Ahmed Sabry

Personal information
- Full name: Ahmed Sabry Mohamed Abdel Fatah
- Date of birth: 23 June 1985 (age 39)
- Position(s): Right Midfielder

Team information
- Current team: El Raja SC

Senior career*
- Years: Team / Apps / (Gls)
- –2012: El Sharkia
- 2012–2016: Haras El Hodoud SC
- 2016–2017: Tala'ea El-Gaish
- 2017–: El Raja SC

= Ahmed Sabry (footballer) =

Egyptian footballer (born 1985)

Ahmed Sabry Mohamed Abdel Fatah (أَحْمَد صَبْرِيّ مُحَمَّد عَبْد الْفَتَّاح; born 23 June 1985) is an Egyptian professional footballer who currently plays as a right midfielder for the Egyptian club El Raja SC.
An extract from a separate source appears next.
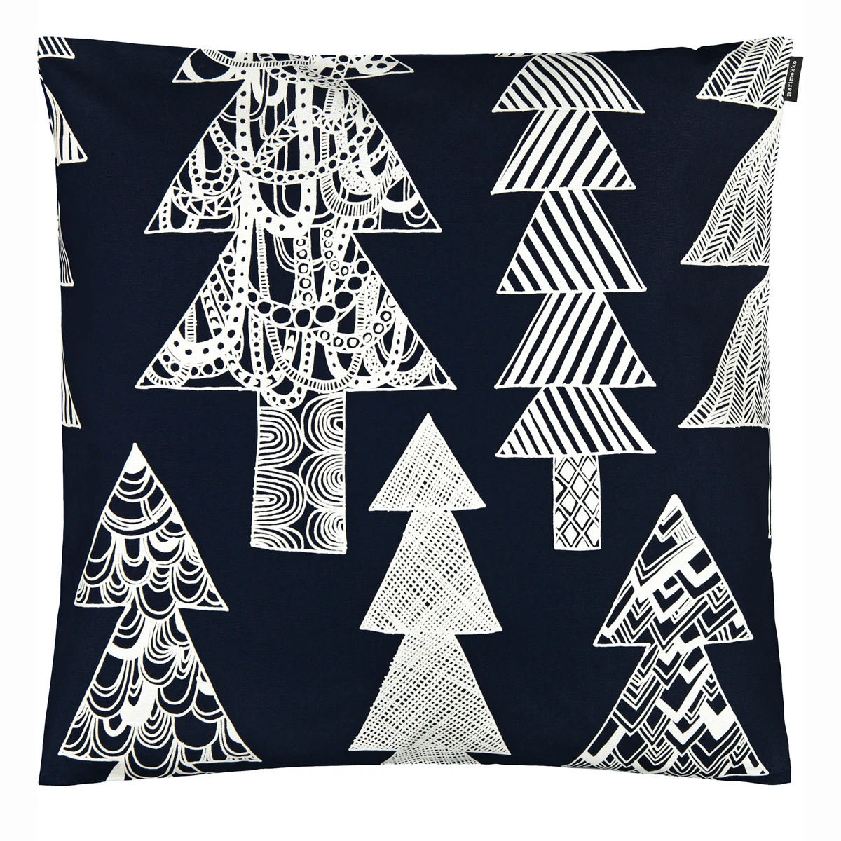 It’s never been easier to spruce up your home for the holidays. Designed by Maija Louekari, this festive print called “Spruce” was inspired by the thrilling hunt for the perfect Christmas tree. Each unique in size, shape, and pattern, white sketches of Christmas trees decorate this 100% panama cotton navy blue cushion cover. A discreet side zipper allows for it to be removed from an insert with ease for machine washing. The fabric feels slightly thicker than standard Marimekko cotton fabrics with a more canvas-like feel that that mimics the construction and durable texture of the Panama hat.

Sabry previously played for El Sharkia, Haras El Hodoud, and Tala'ea El-Gaish. In July 2017, he moved to El-Entag El-Harby in a free transfer with 2-year contract, but after few days, Sabry and El-Entag reached an agreement to cancel the contract. In August 2017, he signed a 2-year contract for El Raja SC, a promoted team to 2017–18 Egyptian Premier League.